I couldn't access the files, so ran fsck. There were so many errors I gave up with preen and interactive modes and just used -y. Here are some fsck messages for reference:
- Group descriptor 4349 checksum is 0xf6d0, should be 0x2ed1. FIXED.
- /dev/sda6: Inode 13434881 is in use, but has dtime set. FIXED.
- /dev/sda6: Inode 13434881 has an extra size (336) which is invalid FIXED.
- /dev/sda6: Inode 13434881 has INDEX_FL flag set but is not a directory. HTREE INDEX CLEARED.
- /dev/sda6: Inode 13434881, i_blocks is 137157068659908, should be 0. FIXED.
- Inodes that were part of a corrupted orphan linked list found. Fix? yes
- Inode 13434886 was part of the orphaned inode list. FIXED.
- Inode 13434886 has imagic flag set. Clear? yes
- Inode 13434886 has an extra size (62340) which is invalid Fix? yes
- Inode 13434886 has compression flag set on filesystem without compression support. Clear? yes
- Inode 13434886 has INDEX_FL flag set but is not a directory. Clear HTree index? yes
- Inode 13434886, i_size is 18440780219561279704, should be 0. Fix? yes
- Inode 13434886, i_blocks is 219803506189340, should be 0. Fix? yes
- Inode 13495674 has a bad extended attribute block 21496064. Clear? yes
- Inode 13495674 has illegal block(s). Clear? yes
- Illegal block #0 (1376321536) in inode 13495674. CLEARED.
- File /image_new_superblock.dd (inode #45605, mod time Wed Oct 28 12:58:24 2015) has 1 multiply-claimed block(s), shared with 1 file(s): ... (inode #13455772, mod time Thu Jul 4 03:48:32 1996) Clone multiply-claimed blocks? yes
Many screens of the above, timestamps all over the place. fsck actually aborted several times due to memory allocation, LOL. Eventually it ran clean, with messages:
- Running additional passes to resolve blocks claimed by more than one inode...

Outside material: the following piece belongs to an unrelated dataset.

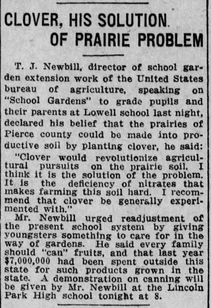 T. J. Newbill gave a talk to Lowell parents and students about the importance of school gardens. He also champions the idea of planting clover in the Pierce county prairies, which he said would help to make them productive.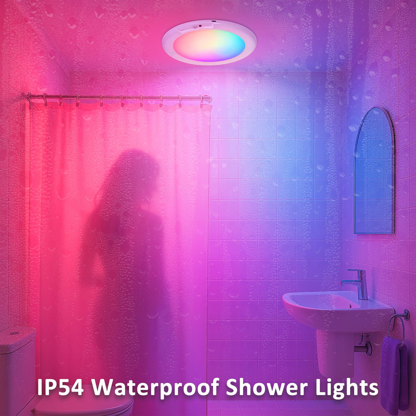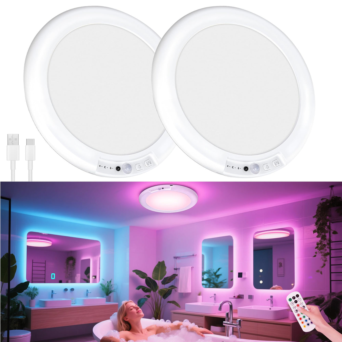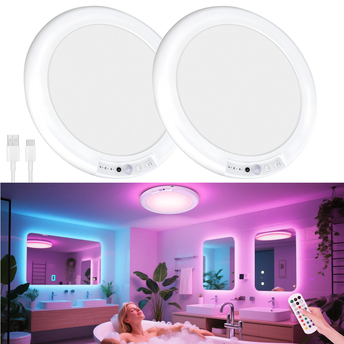 Maylit Shower Lights 2 Pack Rgbw Rechargeable Ceiling Light Waterproof Battery Operated Lamp Wireless Stick On Inside Motion Sensor Mood Led Lighting For Bathroom No Wiring Indoor

- Pass 1B: Rescanning for multiply-claimed blocks
- Pass 1C: Scanning directories for inodes with multiply-claimed blocks
- Pass 1D: Reconciling multiply-claimed blocks
Can now mount the partition and copy data. A lot of files still seem intact.
But there's more to do; this partition has been affected for 3 weeks. Presumably if I repeat this on the image made initially, I can recover more or nearly all the data. And still need to investigate "Partition 1 does not start on physical sector boundary." But, looking good!